EXERCISE PROMPT:
Extract verbatim every line from the one containing "Figure S170. Get" to the final line of the records below, inclusive, and exclude all pictures.

[Records contained in a dataset]
==*==

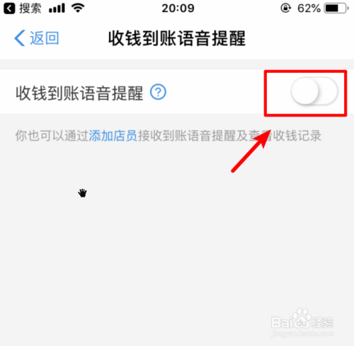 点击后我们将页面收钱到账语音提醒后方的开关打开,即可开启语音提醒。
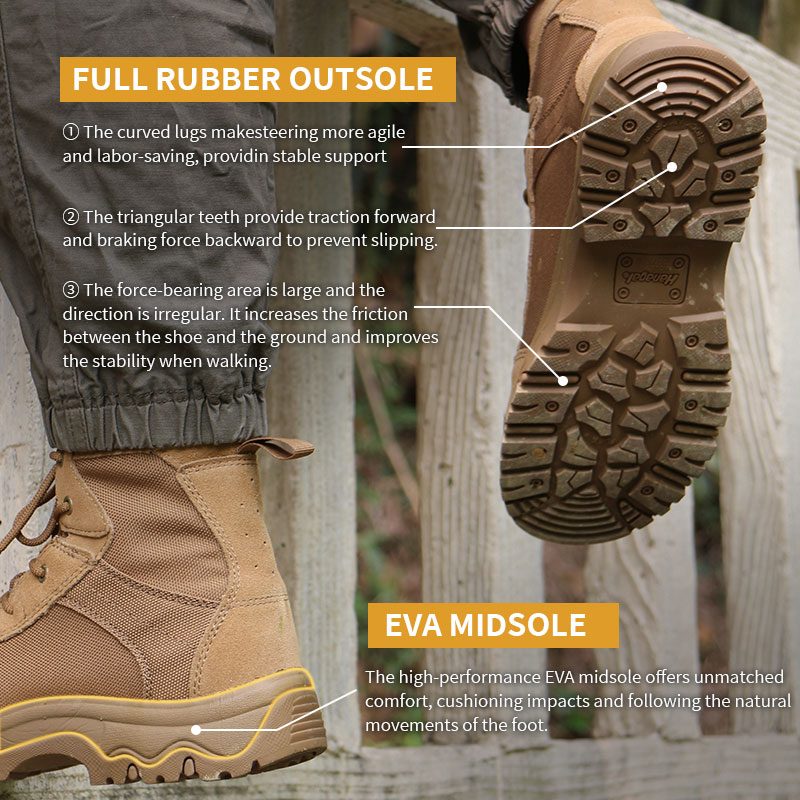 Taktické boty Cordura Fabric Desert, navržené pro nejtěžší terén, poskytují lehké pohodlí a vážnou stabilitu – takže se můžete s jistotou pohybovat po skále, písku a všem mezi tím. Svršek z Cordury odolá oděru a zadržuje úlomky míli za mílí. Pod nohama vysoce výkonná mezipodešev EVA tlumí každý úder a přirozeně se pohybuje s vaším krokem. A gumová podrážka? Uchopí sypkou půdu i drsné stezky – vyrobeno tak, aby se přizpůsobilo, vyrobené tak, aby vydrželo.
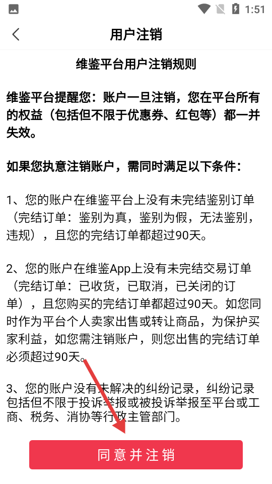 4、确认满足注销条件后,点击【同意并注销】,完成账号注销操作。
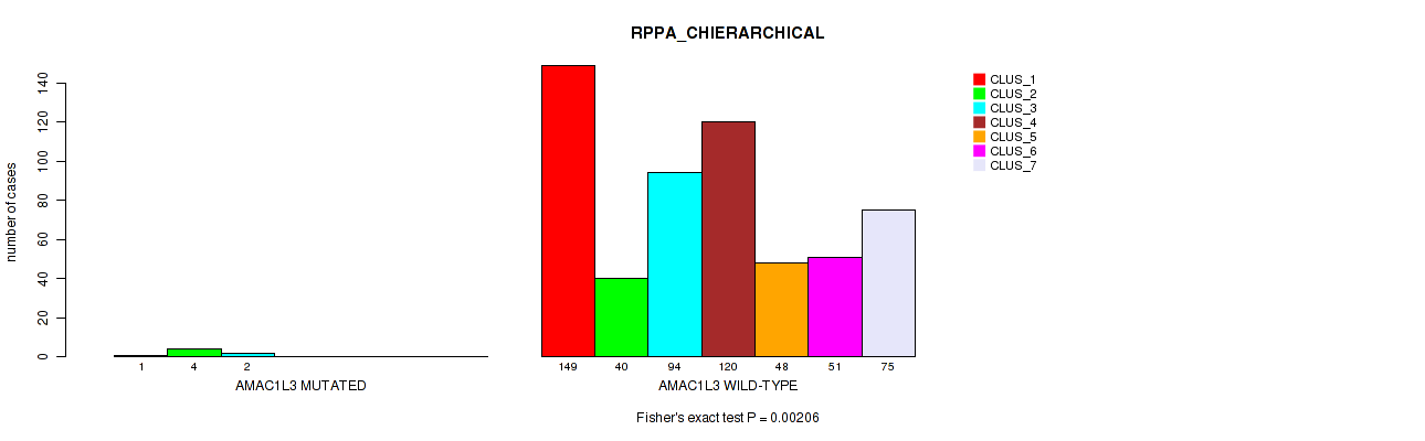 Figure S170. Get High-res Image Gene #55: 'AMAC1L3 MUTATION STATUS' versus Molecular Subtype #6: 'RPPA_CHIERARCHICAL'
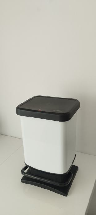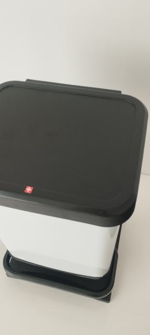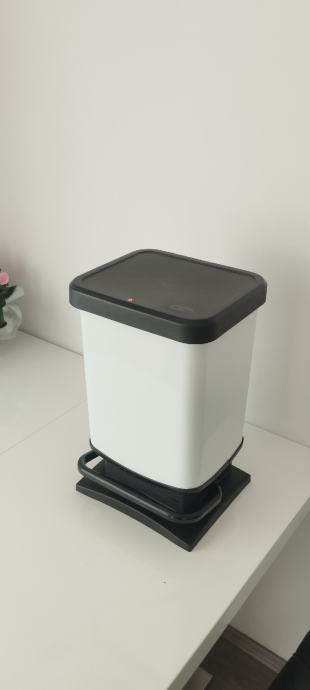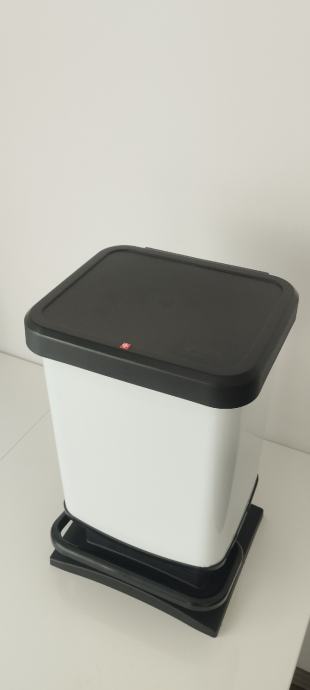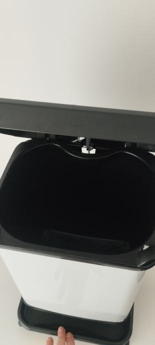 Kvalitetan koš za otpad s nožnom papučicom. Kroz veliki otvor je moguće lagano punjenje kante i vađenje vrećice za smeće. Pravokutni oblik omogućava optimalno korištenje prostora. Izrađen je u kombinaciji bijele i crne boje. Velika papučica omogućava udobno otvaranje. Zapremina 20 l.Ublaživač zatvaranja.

==*==

EXERCISE RESULT:
 Figure S170. Get High-res Image Gene #55: 'AMAC1L3 MUTATION STATUS' versus Molecular Subtype #6: 'RPPA_CHIERARCHICAL'
 Kvalitetan koš za otpad s nožnom papučicom. Kroz veliki otvor je moguće lagano punjenje kante i vađenje vrećice za smeće. Pravokutni oblik omogućava optimalno korištenje prostora. Izrađen je u kombinaciji bijele i crne boje. Velika papučica omogućava udobno otvaranje. Zapremina 20 l.Ublaživač zatvaranja.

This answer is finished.